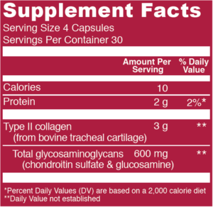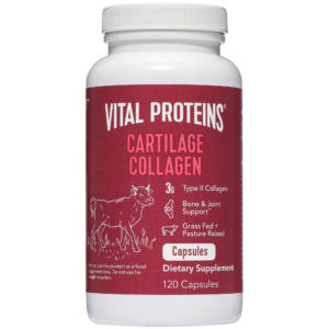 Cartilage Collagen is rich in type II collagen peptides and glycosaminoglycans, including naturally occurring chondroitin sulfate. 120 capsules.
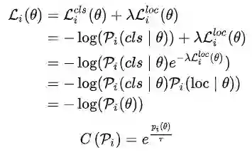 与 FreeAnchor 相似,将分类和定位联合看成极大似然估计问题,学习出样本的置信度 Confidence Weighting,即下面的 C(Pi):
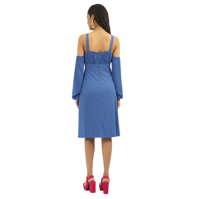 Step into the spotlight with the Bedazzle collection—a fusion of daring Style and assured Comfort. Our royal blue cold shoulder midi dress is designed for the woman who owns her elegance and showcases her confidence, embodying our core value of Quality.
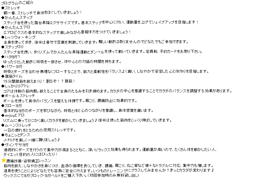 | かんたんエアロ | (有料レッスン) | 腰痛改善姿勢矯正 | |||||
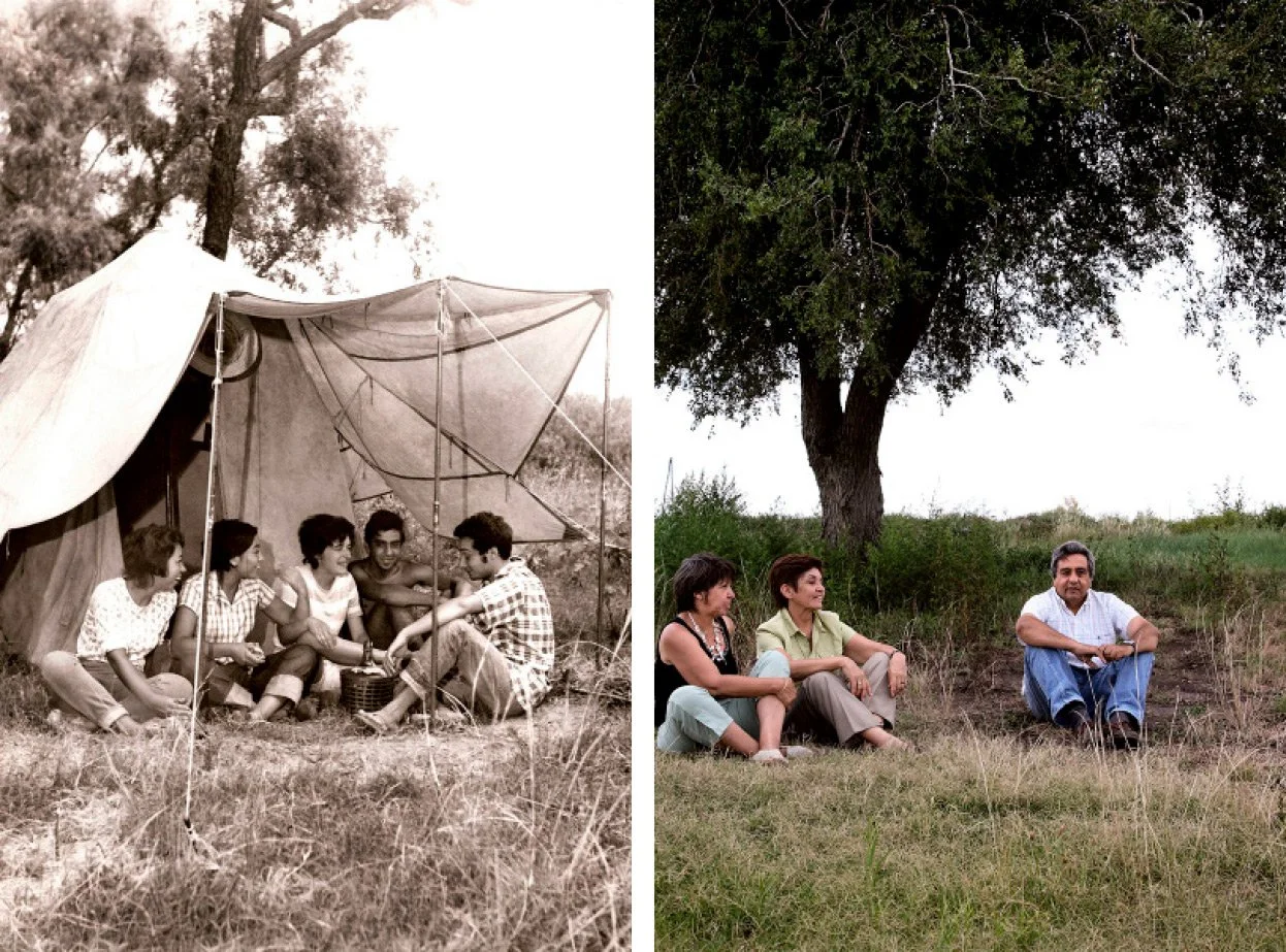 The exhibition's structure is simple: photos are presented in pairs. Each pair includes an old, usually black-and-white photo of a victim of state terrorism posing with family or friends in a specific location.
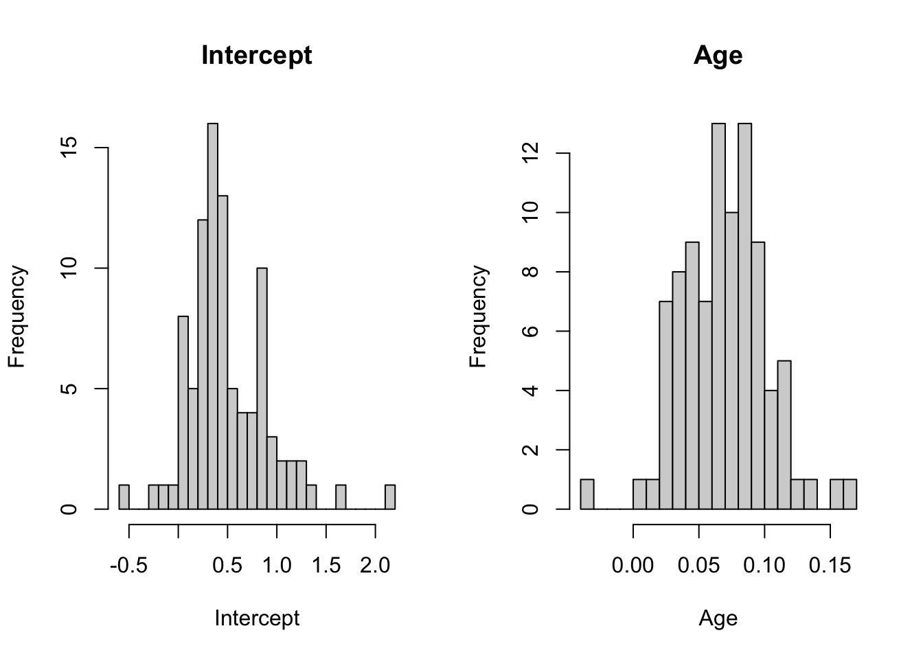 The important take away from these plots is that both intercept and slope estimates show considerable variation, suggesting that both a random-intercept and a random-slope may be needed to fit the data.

##############################

__Work required__. All the records need to be set down word for word, with the images left out.

__Your response__.
 Cartilage Collagen is rich in type II collagen peptides and glycosaminoglycans, including naturally occurring chondroitin sulfate. 120 capsules.
 与 FreeAnchor 相似,将分类和定位联合看成极大似然估计问题,学习出样本的置信度 Confidence Weighting,即下面的 C(Pi):
 Step into the spotlight with the Bedazzle collection—a fusion of daring Style and assured Comfort. Our royal blue cold shoulder midi dress is designed for the woman who owns her elegance and showcases her confidence, embodying our core value of Quality.
 | かんたんエアロ | (有料レッスン) | 腰痛改善姿勢矯正 | |||||
 The exhibition's structure is simple: photos are presented in pairs. Each pair includes an old, usually black-and-white photo of a victim of state terrorism posing with family or friends in a specific location.
 The important take away from these plots is that both intercept and slope estimates show considerable variation, suggesting that both a random-intercept and a random-slope may be needed to fit the data.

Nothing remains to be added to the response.